Exercise: Show every line of the data that includes the word "プラチナグリーン".

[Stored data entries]
++++

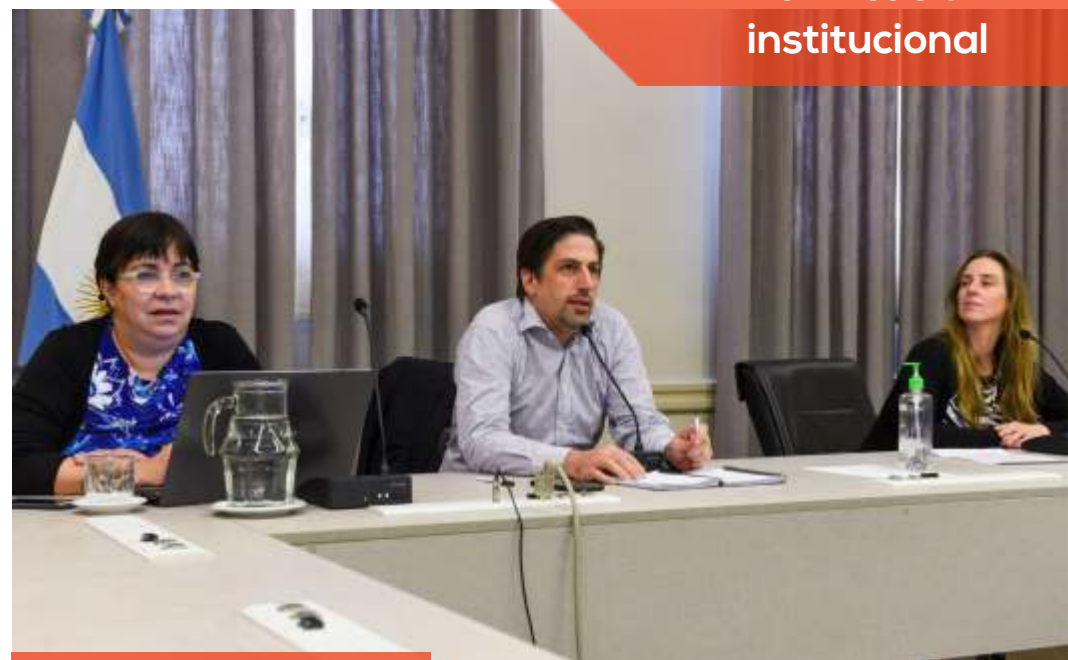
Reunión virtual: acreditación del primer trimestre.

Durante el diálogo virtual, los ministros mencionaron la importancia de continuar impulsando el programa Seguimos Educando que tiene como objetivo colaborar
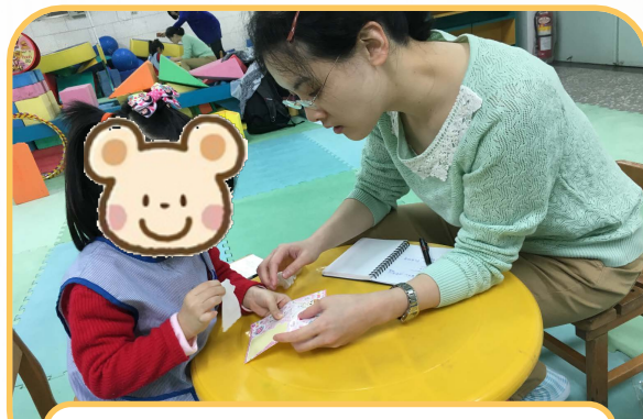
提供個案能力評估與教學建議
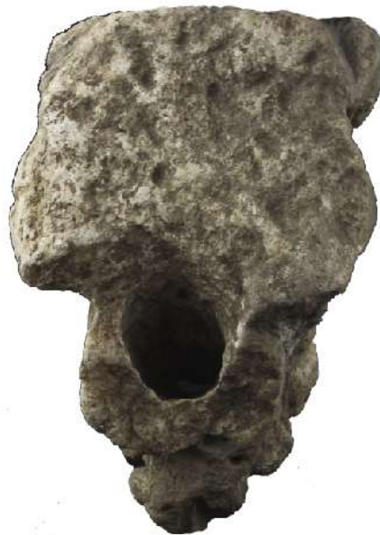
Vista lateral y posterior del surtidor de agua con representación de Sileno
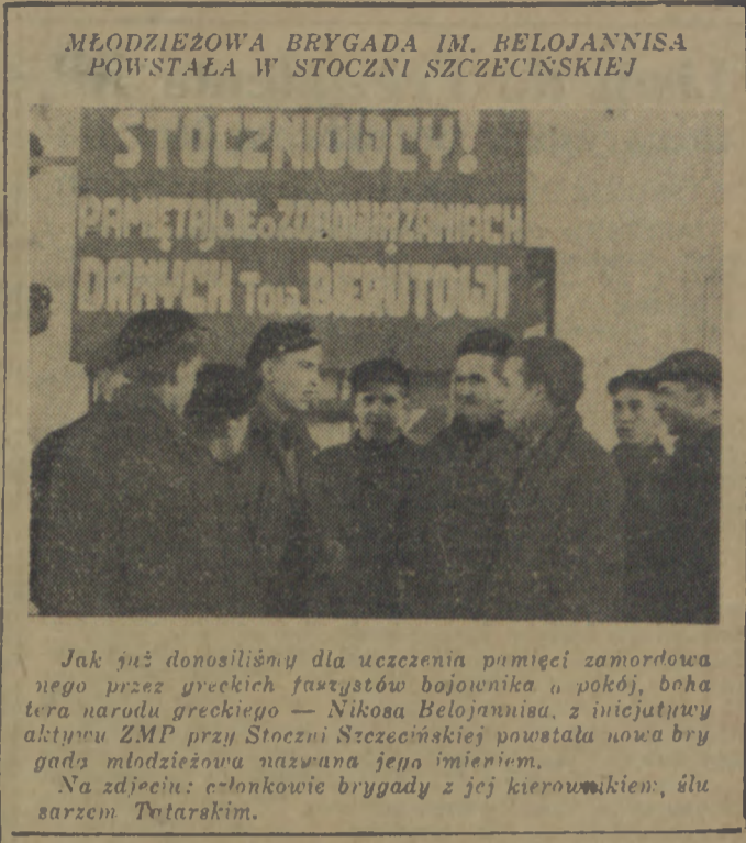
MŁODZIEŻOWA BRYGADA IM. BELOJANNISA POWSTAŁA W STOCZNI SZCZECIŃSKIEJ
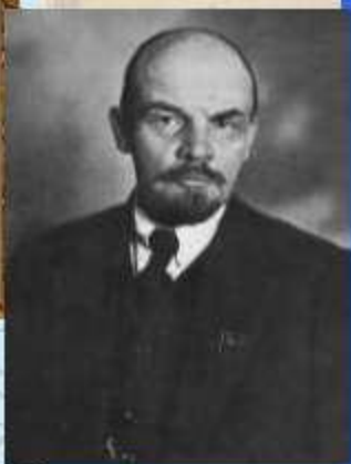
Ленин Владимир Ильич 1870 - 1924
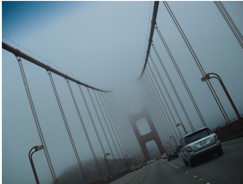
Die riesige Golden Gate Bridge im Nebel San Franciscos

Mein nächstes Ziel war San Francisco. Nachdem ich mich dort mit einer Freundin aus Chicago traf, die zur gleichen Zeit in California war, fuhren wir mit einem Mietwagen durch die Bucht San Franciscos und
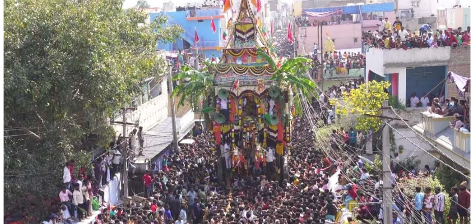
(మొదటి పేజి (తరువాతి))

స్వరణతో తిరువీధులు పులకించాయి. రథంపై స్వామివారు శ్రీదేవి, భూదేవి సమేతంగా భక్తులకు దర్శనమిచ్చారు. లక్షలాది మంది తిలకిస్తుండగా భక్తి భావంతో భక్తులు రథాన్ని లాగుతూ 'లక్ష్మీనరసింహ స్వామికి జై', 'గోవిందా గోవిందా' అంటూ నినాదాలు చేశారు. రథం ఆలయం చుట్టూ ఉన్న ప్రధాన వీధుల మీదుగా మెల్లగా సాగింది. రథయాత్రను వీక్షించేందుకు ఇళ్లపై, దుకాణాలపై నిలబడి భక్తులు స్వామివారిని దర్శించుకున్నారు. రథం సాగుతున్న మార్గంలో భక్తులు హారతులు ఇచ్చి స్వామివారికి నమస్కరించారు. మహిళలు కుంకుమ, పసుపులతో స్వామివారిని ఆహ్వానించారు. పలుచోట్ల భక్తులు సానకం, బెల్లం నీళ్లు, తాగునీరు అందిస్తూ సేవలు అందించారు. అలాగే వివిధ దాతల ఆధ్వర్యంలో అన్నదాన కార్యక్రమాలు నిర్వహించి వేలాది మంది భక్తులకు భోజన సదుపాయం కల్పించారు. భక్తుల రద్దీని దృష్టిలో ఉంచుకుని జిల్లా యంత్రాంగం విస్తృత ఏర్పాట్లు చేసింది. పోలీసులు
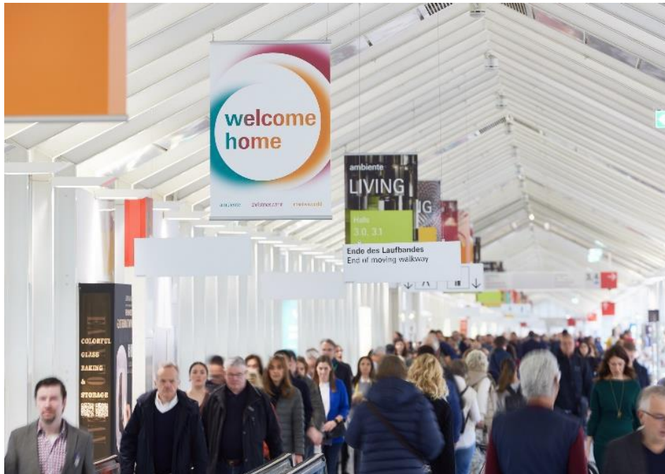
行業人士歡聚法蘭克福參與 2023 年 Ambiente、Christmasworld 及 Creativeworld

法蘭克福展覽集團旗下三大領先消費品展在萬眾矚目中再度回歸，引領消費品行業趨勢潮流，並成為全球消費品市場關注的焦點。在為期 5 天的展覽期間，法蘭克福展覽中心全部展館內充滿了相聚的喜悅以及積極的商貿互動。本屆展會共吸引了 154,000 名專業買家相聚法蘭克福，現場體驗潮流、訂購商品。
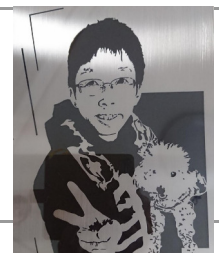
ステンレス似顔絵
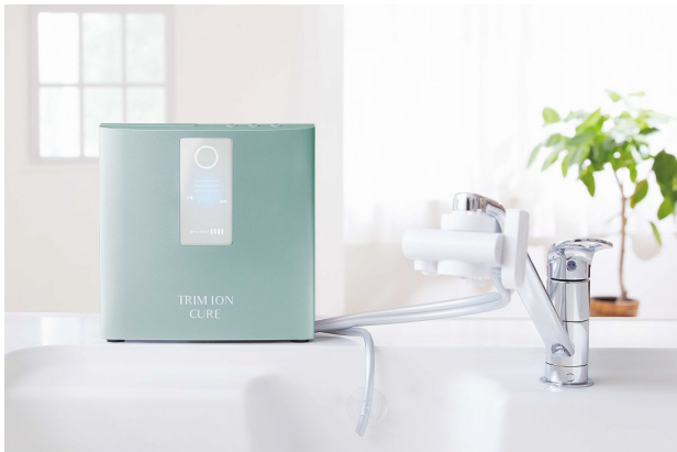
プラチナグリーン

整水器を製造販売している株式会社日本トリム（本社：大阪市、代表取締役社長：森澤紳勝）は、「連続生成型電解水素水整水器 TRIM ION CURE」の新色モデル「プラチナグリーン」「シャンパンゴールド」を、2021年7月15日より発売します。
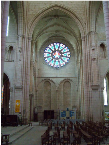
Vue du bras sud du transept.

++++

Answer space:
プラチナグリーン
整水器を製造販売している株式会社日本トリム（本社：大阪市、代表取締役社長：森澤紳勝）は、「連続生成型電解水素水整水器 TRIM ION CURE」の新色モデル「プラチナグリーン」「シャンパンゴールド」を、2021年7月15日より発売します。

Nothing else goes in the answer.